Open Plaques derived the London list from the English Heritage website, which has details and addresses, but no maps or photos. This is very similar to something I did for part of my MSc dissertation last summer, which was looking at using modern GIS and geospatial techniques for enhancing Street-O maps.
Street-O events generally involve finding places and noting down a specific answer at the place, to prove you’ve been there. Blue plaques are popular with course planners, as they are generally unique, in one clearly defined location and contain unambiguous information that the competitor is unlikely to already know.
For part of my dissertation, I screen-scraped the English Heritage website, ran the addresses through Google Local to geocode them, and then plotted the results in a GIS – the idea being the race planner could then use these to build up a race map and question sheet, without having to trawl the streets trying to find plaques manually. Around 80% of the plaques were successfully placed on the map in this way, although the geocoding accuracy wasn’t always great, due to the natural inaccuracy and non-systematic placement of street addresses.
I wrote:
(5.4.2) It was decided to look at these features as one example of using a spatial dataset unrelated to orienteering to enhance the process of creating a Street‐O map for an event…
Unfortunately the blue plaque data isn’t freely available in a spatial format – users can search by postal district, but then are presented with a list of addresses rather than a map.

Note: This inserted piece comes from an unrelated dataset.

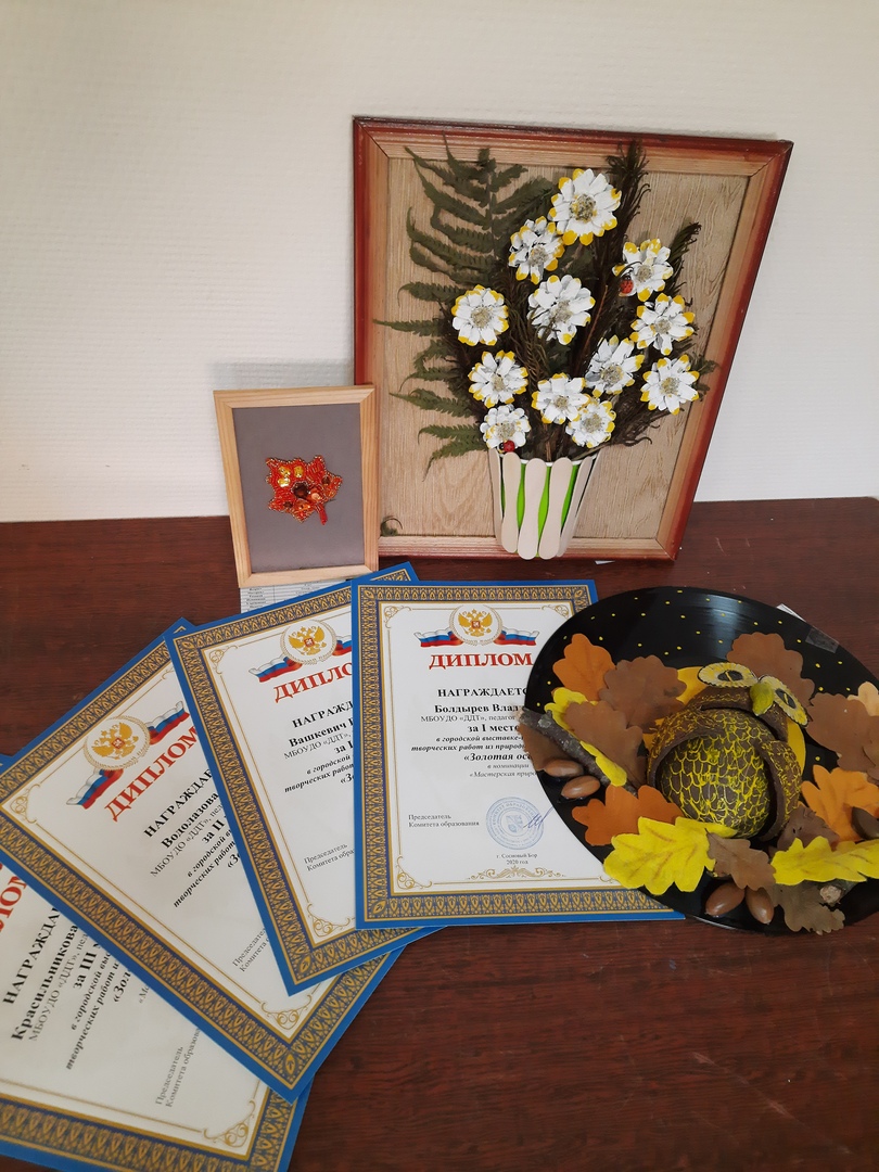 Подведены итоги творческого конкурса-выставки "Золотая осень", организатором которого выступил Центр развития творчества. Обучающиеся Дома детского творчества заняли первые и призовые места.

The pictures below show the results for the Islington area, on the left from the dissertation, and on the right the equivalent map currently on OpenPlaques. (It would be straightforward to pull the data into a GPS, from the CSV files the site provided, for a proper side-by-side comparison. I’m just being lazy by screen-grabbing the map as-is.)

Plenty more to be added to Open Plaques. The best way, of course, is to visit them – the locations can’t be copied across from my derived list, unfortunately, as the Google-derived locations are not free of copyright.
Potentially the Open Plaques database, once complete for London, will simplify this process even more, by allowing a one-step import of plaques, inscriptions and most imporantly accurate locations, into the GIS, for easy map creation.
Mapping Party and Mapzen Sneak Peek!
The next London mapping party is on Thursday evening, in Mayfair, the really posh bit of central London (you can tell its posh as it only has one bus route going through it.) See here for details and to signup.
What’s special about this one is that Cloudmade’s in-development mapping editor, Mapzen, might be being demoed. The screenshots look very interesting, this could be pretty cool.